As we made our way back to Kayhmandu, I wanted to share my last thoughts on the events that occurred after the tragic accident of April 18th.

2014 will likely be remembered as a dramatic and at the same time pivotal for Everest mountaineering in Nepal.
The awful avalanche of April 18th that caused 16 deaths profoundly hit the Sherpa community, undermining its confidence and raising an identity crisis within the Everest ecosystem.
The Sherpas’ decision not to support any further climbing of Everest this season (“it will be Everest black year”) eventually escalated to a negotiations with the government over a number of requests about insurance coverage, compensations to the victims families, labor rights and creation of a fund from the permit fees.

In fact the most dangerous operations on Everest (route setting on the icefall and on higher camps, carrying of equipment and food higher up on the mountain and support to clients) are performed by the Sherpas – the perception that such work isn’t always fully appreciated may have contributed to the radicalized tension that erupted last week.

It’s also relevant to notice that all climbing agencies (international and local) depend in their entirety on the work of the Sherpas and their strike costs about $3M in seasonal budget for at least three agencies.
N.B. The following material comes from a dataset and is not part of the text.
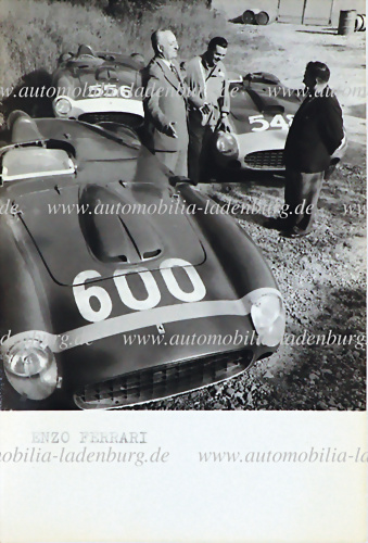 Original s/w Aufnahme Enzo Ferrari im Gespräch, um Ihn die Mille Miglia Rennwagen 1956, Ferrari 290MM (#0626) von Juan-Manuel Fangio; Ferrari 860 Monza (#0602M) von Musso / Luglio, sowie Ferrari 290MM (#0616) von Castelotti, 14x9cm

It’s important to know that the $4M of this season permit fees will be kept by the government.

The place where the avalanche occurred is notoriously one of the most dangerous on Everest and every year the movement of the glacier makes it worse. Sherpas are also very respectful about crossing the areas where brothers, relatives and friends lost their lives.

As we left base camp, it’s impressive to see how it has become the skeleton of the sparkling international atmosphere of just two weeks prior: the strike of the Sherpas basically shut the Everest spring season and most groups packed their gear, their tents and head back home.
It’s a mix of feelings for climbers: sadness for the tragedy that was lived in person, disappointment for having to postpone a dream that has been prepared for a long time, and bitterness for having been used by a sub-group for political reasons – moreover episodes of intimidation and threat not to break the strike have been reported.

Hard to tell where all this will lead to, but clearly without more transparent coordination and dialogue between the Nepalese government, the agencies and the Sherpas, the choice of climbing Everest from Nepal will be less obvious in the next future.